Dr Phoebe Meagher completed a Bachelor of Science, Biodiversity and Conservation, at Macquarie University and received first class honours for her work assessing the genetic diversity of Grey nurse sharks on the east and west coast of Australia.
She completed her PhD in Zoology at the University of Sydney in 2010 investigating the reproductive biology of Eastern shovelnose rays. She has previously worked in several leading scientific research centres including the Centre for Research of Ecological Impacts of Coastal Cities and the Australian Museum.
She has a special interest in marine biology and endangered animal research. Her current research focus is wildlife forensics, specifically, the application of nuclear technologies to combat illegal wildlife trade.
Michelle joined Taronga Conservation Society Australia in December 2013, and has over 20 years experience in zoo nutrition.
As Australia’s first and only Zoo Nutritionist, Michelle manages Taronga’s Animal Nutrition Centre, directs Nutrition research, oversees the nutrition of all animals at both of Taronga’s Zoos and consults for zoos, rescue organisations and conservation programs internationally.
Michelle spent ten years as a Nutrition Researcher and Nutrition Supervisor at Toronto Zoo in Canada after receiving a Masters degree in Comparative Animal Nutrition at the University of Guelph. She then spent five years consulting for zoos in Asia and a year as Director of Product Development at Zukudla Inc., designing dry feeds for zoo animals.

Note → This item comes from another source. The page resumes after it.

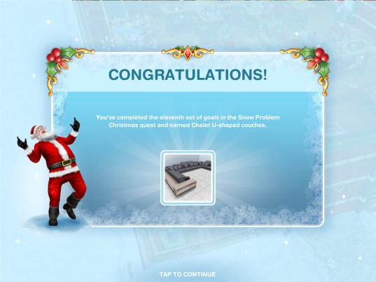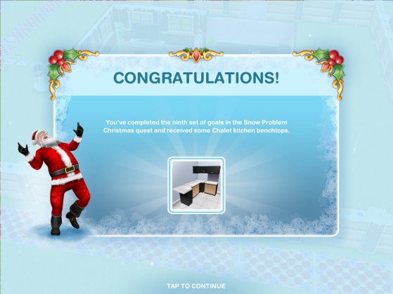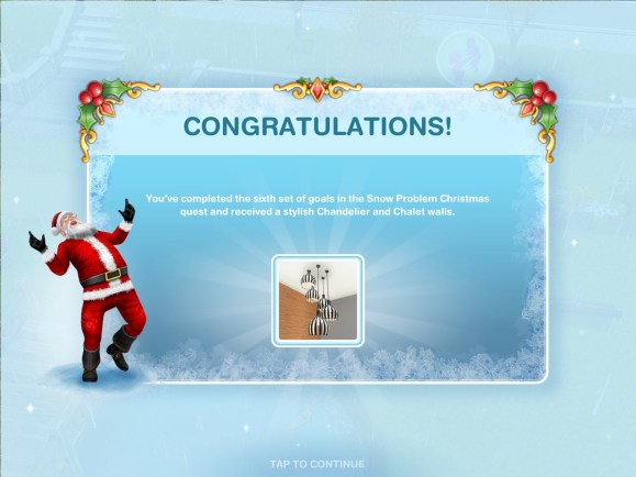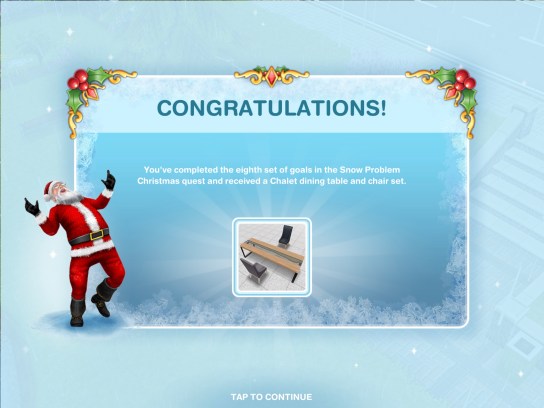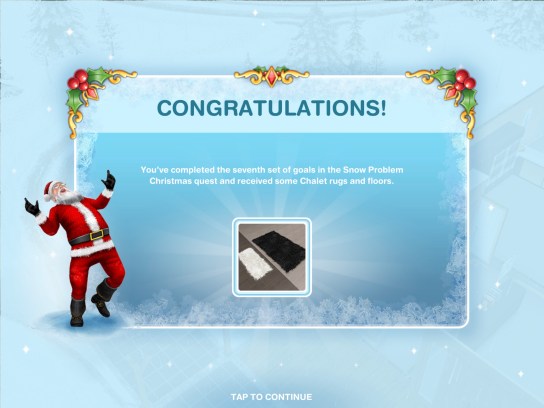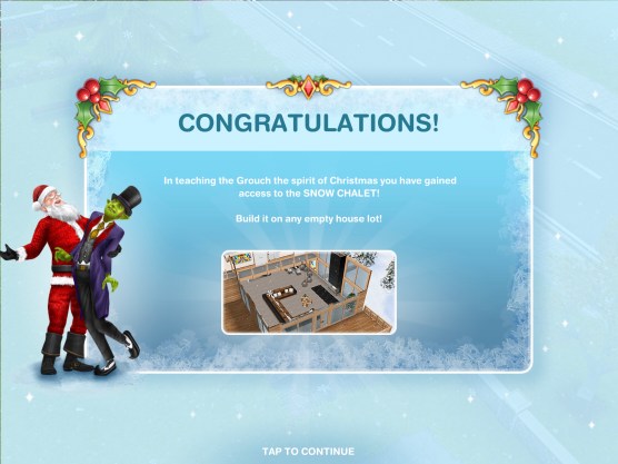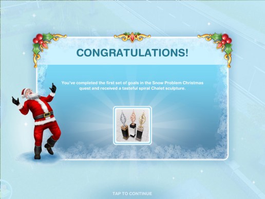 If you completed this quest in the time limit you will be able to build the Snow Chalet in your Simtown, keep reading for information and pictures of all the prizes you unlock in this quest

Michelle is a member of various Nutrition Advisory and Research Groups internationally and advises on nutrition guidelines for several great ape Species Survival Plans (SSPs). She focuses her research efforts on improving the nutrition of zoo managed species by studying species-specific physical and metabolic adaptations to their natural diet, increasing an understanding of the nutrient requirements of wildlife species and the effect of diet on overall health.